Bisnis.com, JAKARTA - Asosiasi Produsen Serat dan Benang Filament (APSyFI) mengaku lega atas kebijakan yang diumumkan Presiden Prabowo Subianto bahwa kenaikan pajak pertambahan nilai (PPN) menjadi 12% tahun depan hanya berlaku untuk barang/jasa dengan kategori mewah.
Ketua Umum APSyFI Redma Gita Wirawasta mengatakan, kebijakan tersebut tidak akan membebani rantai nilai produksi industri karena hanya akan dikenakan pada produk akhir, bukan bahan baku maupun bahan intermediate.
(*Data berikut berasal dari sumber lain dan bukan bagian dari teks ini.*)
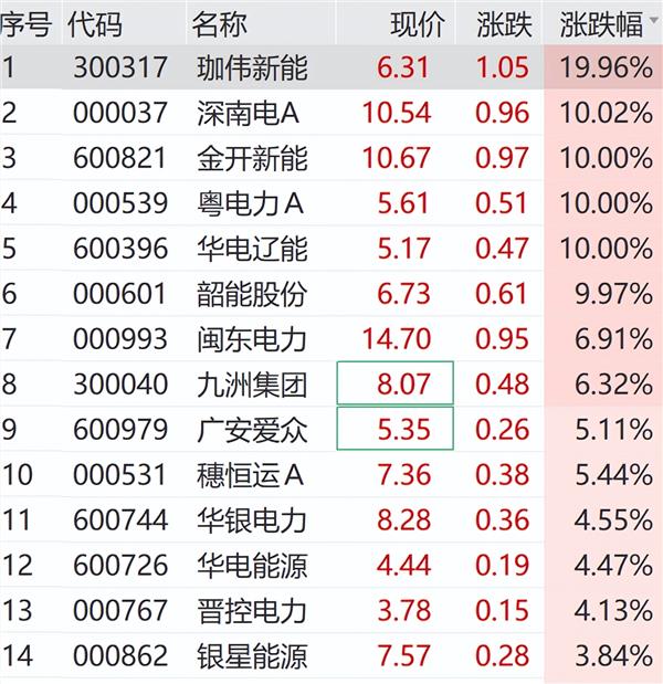 3月18日上午,公用事业板块走强,绿色电力概念股反复活跃。华电辽能走出3连板,韶能股份、金开新能等纷纷涨停,粤东电力、华银电力等跟涨。

"Saya kira keputusan pemerintah ini sudah tepat karena yang ditarget adalah barang mewah," kata Redma kepada Bisnis, Senin (9/12/2024).
Dia meyakini PPN 12% hanya untuk barang mewah tidak menjadi beban biaya produksi di industri manufaktur. Menurut dia, yang terkena imbas dari kebijakan tersebut yakni daya beli kelas menengah ke atas meskipun hanya naik 1%.
Sebelumnya, kebijakan PPN 12% yang dikenakan pada seluruh rantai pasok dikhawatirkan berimbas pada beban arus kas karena produsen harus menyediakan tambahan modal untuk cashflow berupa beban bunga akibat pengkreditan PPN.
"Kalau PPN terkena di rantai nilai, PPN 12%, hitungan pajak final di konsumennya bisa sekitar 21%," tuturnya.
Baca Juga
Kendati demikian, Redma menilai dampak kenaikan PPN untuk barang mewah juga akan dikritisi oleh sektor transportasi, termasuk logistik. Dia berharap pemerintah mempertimbangkan dampak yang akan memicu kenaikan ongkos logistik.
"Ini baiknya menjadi note pemerintah agar dilakukan cost efisisensi di sektor logistik," terangnya.
Di sisi lain, APSyFI lebih mendesak pemerintah untuk membereskan impor dan perdagangan barang-barang ilegal. Menurut dia, pengentasan barang impor ilegal merupakan hal utama untuk mengembalikan kondisi industri manufaktur.
"Sekaligus menaikan pendapatan pajak pemerintah tanpa membebani industri dan konsumen," pungkasnya.